Bob Vogel talks with Dr. Douglas Garland, who at that point had been an
orthopedic surgeon for 30 years, with 20 years researching osteoporosis
and SCI. Garland describes how people with SCI lose bone mass:
“The most crucial piece of information is this: With SCI, your bones get
thinner (weaker) from the hip to the knee, and thinner still from the
knee to the heel. The longer you have been injured, the more fragile
your bones become.”
People with SCI don’t lose bone mass everywhere, just in the areas that
no longer bear weight. So, my rugby teammate’s thumb and Angelelli’s
rib breaks are less to do with disability and more due to the trauma of a
wheelchair rugby crash or a dance partner falling on you. But the
stretching-related femur fracture and the transfer-related foot
fractures have SCI fingerprints all over them.
Back to Vogel, as he explains in “Fracture Risk and Treatment Options with SCI,” there are a couple of important thresholds to keep in mind when it comes to bone loss:
“Losing 32% of [bone mineral density] puts you in the ‘fracture
threshold.’ You run the risk of fracture from a fall, a missed transfer
or a tumble out of your chair. A loss of 50% BMD is considered the
'fracture breakpoint.' These really fragile bones can fracture from
minor movements like stretching, a simple fall from the chair, or even
rolling over in bed.”
It’s too much to go into here, but Vogel gives a helpful breakdown of
how to estimate your own bone loss based on time after injury and why
standard bone density (DEXA) scans can be misleading for wheelchair
users in his “Osteoporosis Update.” | |
HOW TO PREVENT AND REVERSE BONE LOSS
As a wheelchair user, improving bone health comes down to two
strategies. First, try to slow down bone loss as much as possible, and,
if you already have osteoporosis, consider options to rebuild bones.
In 2023, The Journal of Personalized Medicine published a
paper that synthesizes some of the best scientific research and
guidelines around bone health, fracture risk and osteoporosis in people
with SCI. Recommendations from that paper include:
- Take both Vitamin D and Calcium supplements.
They recommend a “maintenance dose” of 1,000-2,000 IU of Vitamin D3 and a
Calcium dose of 1,000-1,200 milligrams depending on age, gender and
whether you have a history of kidney or bladder stones. People with SCI
are at higher risk of developing bladder stones with calcium
supplementation, so it’s worth consulting with your urologist before
starting a supplementation regimen.
- Regular
standing or walking — using a standing frame, forearm crutches, an
assisted treadmill, or an exoskeleton — can load your lower extremity
bones enough to improve bone health.
- Functional
electrical stimulation of lower extremities is helpful as well.

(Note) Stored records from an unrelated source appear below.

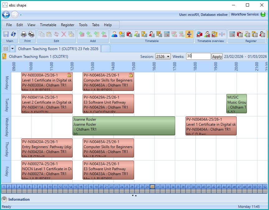 - Looking up a timetable for a learner, tutor, room or an entire centre.
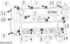NOTE:Install a new valve cover gasket if necessary. Install the valve cover. - Tighten the bolts in the sequence shown.
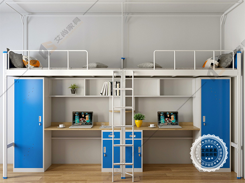 艾尚家具采用卡扣式的公寓床使得床在使用的時候靜音與結實,加厚橫梁設計,加高至235mm的護欄,樓梯滑紋設計,多細節多方面調整公寓床品質。橫梁、立柱采用1.2mm厚冷軋鋼軋制成型,卡扣連接處選用2.0mm厚冷軋鋼沖壓成型。
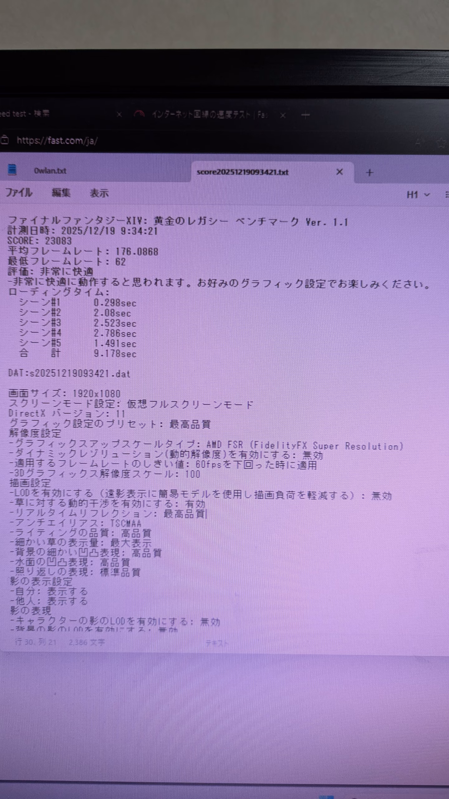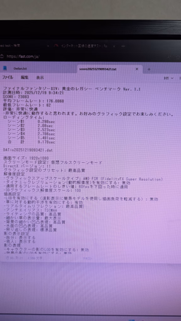 FF14 FHD 最高画質23083 平均フレームレート 176
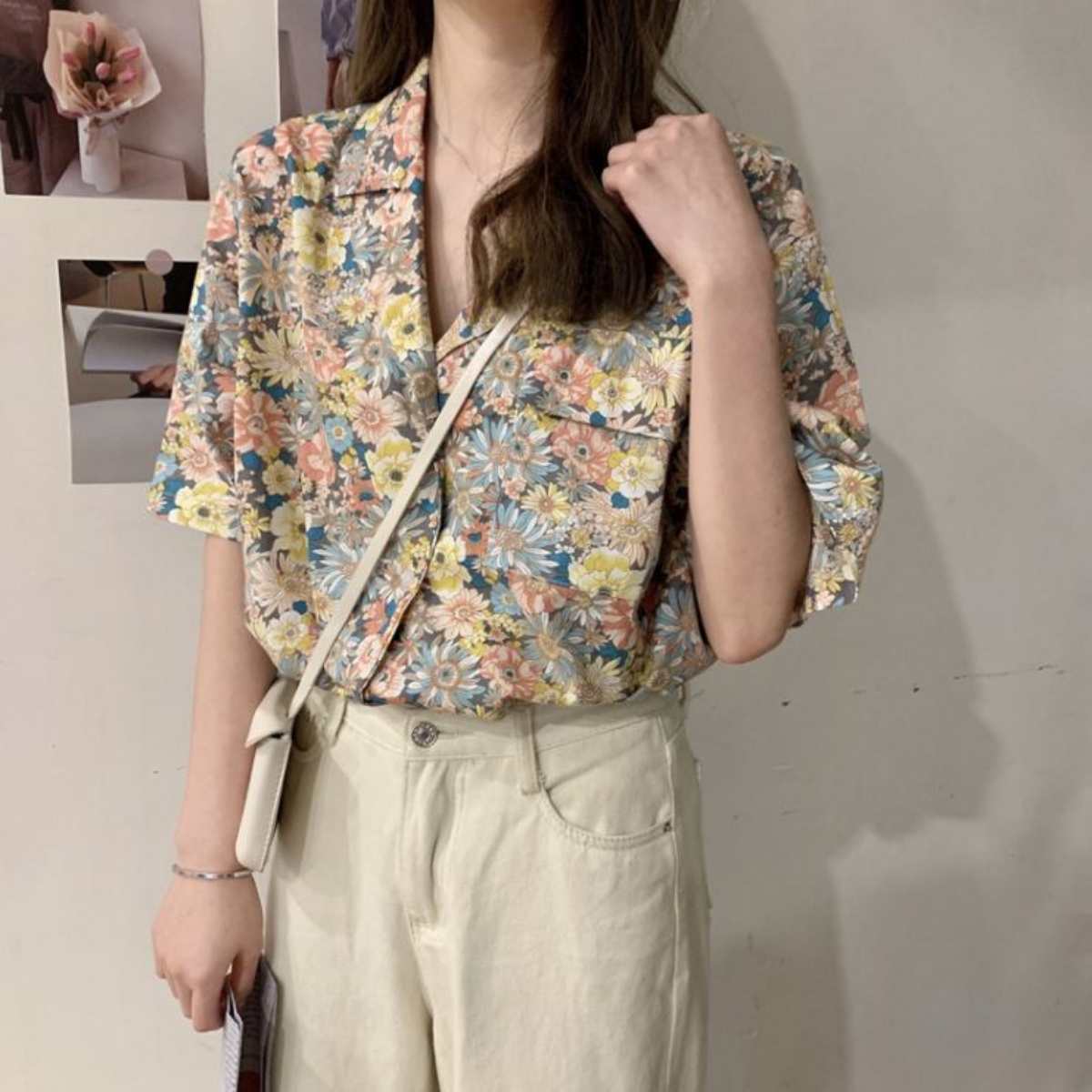 リバティプリント開襟シャツ レディース 半袖シャツ 小花柄 オープンカラー 韓国ファッション ベルシ

Strong
muscle contractions produced by FES can load bones enough to stimulate
growth.
- Pharmacological interventions such
as Alendronate, Zoledronic Acid and Densoumab can also help improve
bone health, though only Alendronate has been studied on people with
chronic SCI.
There’s a lot more in that study — it’s worthwhile
reading if you’re up for parsing dense, scientific language. Or even
better, send it to your doctor before your next appointment so they can
read it and help you develop a personalized plan to improve your bone
health.
In “Searching for Osteoporosis Solutions as a Wheelchair User,”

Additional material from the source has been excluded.